**Task goal:**
In your output, repeat each entry exactly and include no pictures.

-------- Material to process

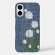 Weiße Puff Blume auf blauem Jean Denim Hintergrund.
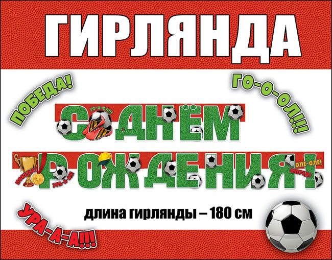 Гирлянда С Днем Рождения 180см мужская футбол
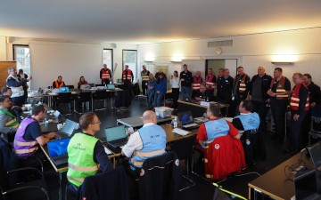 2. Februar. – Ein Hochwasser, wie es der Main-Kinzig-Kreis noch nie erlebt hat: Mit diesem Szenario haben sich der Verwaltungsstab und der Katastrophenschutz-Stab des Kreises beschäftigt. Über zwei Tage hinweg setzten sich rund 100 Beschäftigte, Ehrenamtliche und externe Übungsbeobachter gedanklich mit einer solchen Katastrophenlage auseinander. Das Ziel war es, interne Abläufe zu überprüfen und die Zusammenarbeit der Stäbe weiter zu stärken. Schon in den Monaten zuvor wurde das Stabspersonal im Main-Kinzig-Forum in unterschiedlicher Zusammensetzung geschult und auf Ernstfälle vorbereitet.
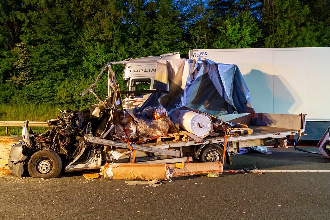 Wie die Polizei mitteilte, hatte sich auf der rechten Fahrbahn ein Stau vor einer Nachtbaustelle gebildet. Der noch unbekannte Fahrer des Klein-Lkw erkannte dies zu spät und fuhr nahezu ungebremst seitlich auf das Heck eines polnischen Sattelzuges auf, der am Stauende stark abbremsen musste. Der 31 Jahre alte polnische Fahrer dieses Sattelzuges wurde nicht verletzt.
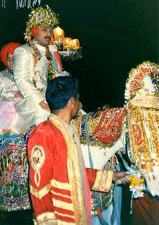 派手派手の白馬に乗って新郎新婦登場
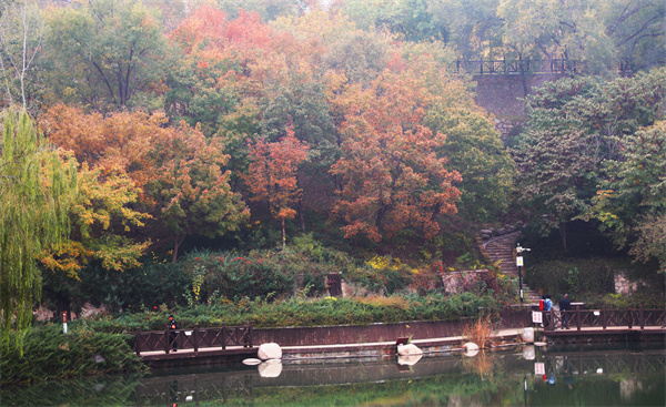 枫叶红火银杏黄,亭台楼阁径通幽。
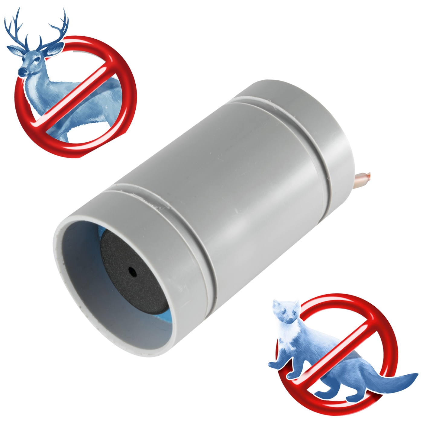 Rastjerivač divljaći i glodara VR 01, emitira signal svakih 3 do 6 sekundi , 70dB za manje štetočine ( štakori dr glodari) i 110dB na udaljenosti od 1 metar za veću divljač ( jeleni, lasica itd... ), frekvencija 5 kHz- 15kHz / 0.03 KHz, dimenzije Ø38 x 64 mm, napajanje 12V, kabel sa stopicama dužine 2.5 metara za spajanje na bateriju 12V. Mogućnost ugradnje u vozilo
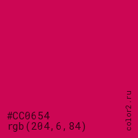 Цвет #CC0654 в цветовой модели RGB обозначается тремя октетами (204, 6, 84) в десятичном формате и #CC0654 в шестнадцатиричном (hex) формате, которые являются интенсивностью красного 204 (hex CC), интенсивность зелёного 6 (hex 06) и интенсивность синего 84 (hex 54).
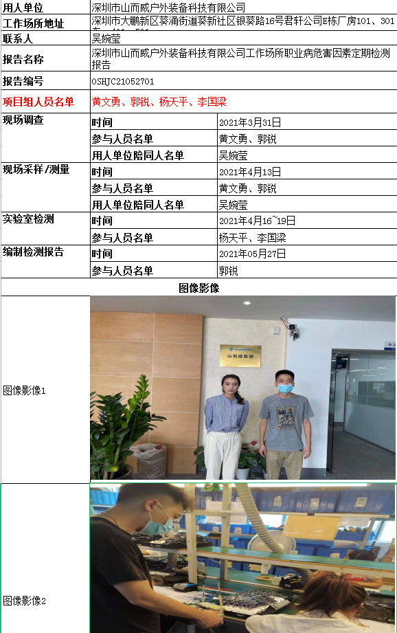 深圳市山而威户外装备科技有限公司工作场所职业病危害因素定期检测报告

----------------

**Result of the exercise:**
 Weiße Puff Blume auf blauem Jean Denim Hintergrund.
 Гирлянда С Днем Рождения 180см мужская футбол
 2. Februar. – Ein Hochwasser, wie es der Main-Kinzig-Kreis noch nie erlebt hat: Mit diesem Szenario haben sich der Verwaltungsstab und der Katastrophenschutz-Stab des Kreises beschäftigt. Über zwei Tage hinweg setzten sich rund 100 Beschäftigte, Ehrenamtliche und externe Übungsbeobachter gedanklich mit einer solchen Katastrophenlage auseinander. Das Ziel war es, interne Abläufe zu überprüfen und die Zusammenarbeit der Stäbe weiter zu stärken. Schon in den Monaten zuvor wurde das Stabspersonal im Main-Kinzig-Forum in unterschiedlicher Zusammensetzung geschult und auf Ernstfälle vorbereitet.
 Wie die Polizei mitteilte, hatte sich auf der rechten Fahrbahn ein Stau vor einer Nachtbaustelle gebildet. Der noch unbekannte Fahrer des Klein-Lkw erkannte dies zu spät und fuhr nahezu ungebremst seitlich auf das Heck eines polnischen Sattelzuges auf, der am Stauende stark abbremsen musste. Der 31 Jahre alte polnische Fahrer dieses Sattelzuges wurde nicht verletzt.
 派手派手の白馬に乗って新郎新婦登場
 枫叶红火银杏黄,亭台楼阁径通幽。
 Rastjerivač divljaći i glodara VR 01, emitira signal svakih 3 do 6 sekundi , 70dB za manje štetočine ( štakori dr glodari) i 110dB na udaljenosti od 1 metar za veću divljač ( jeleni, lasica itd... ), frekvencija 5 kHz- 15kHz / 0.03 KHz, dimenzije Ø38 x 64 mm, napajanje 12V, kabel sa stopicama dužine 2.5 metara za spajanje na bateriju 12V. Mogućnost ugradnje u vozilo
 Цвет #CC0654 в цветовой модели RGB обозначается тремя октетами (204, 6, 84) в десятичном формате и #CC0654 в шестнадцатиричном (hex) формате, которые являются интенсивностью красного 204 (hex CC), интенсивность зелёного 6 (hex 06) и интенсивность синего 84 (hex 54).
 深圳市山而威户外装备科技有限公司工作场所职业病危害因素定期检测报告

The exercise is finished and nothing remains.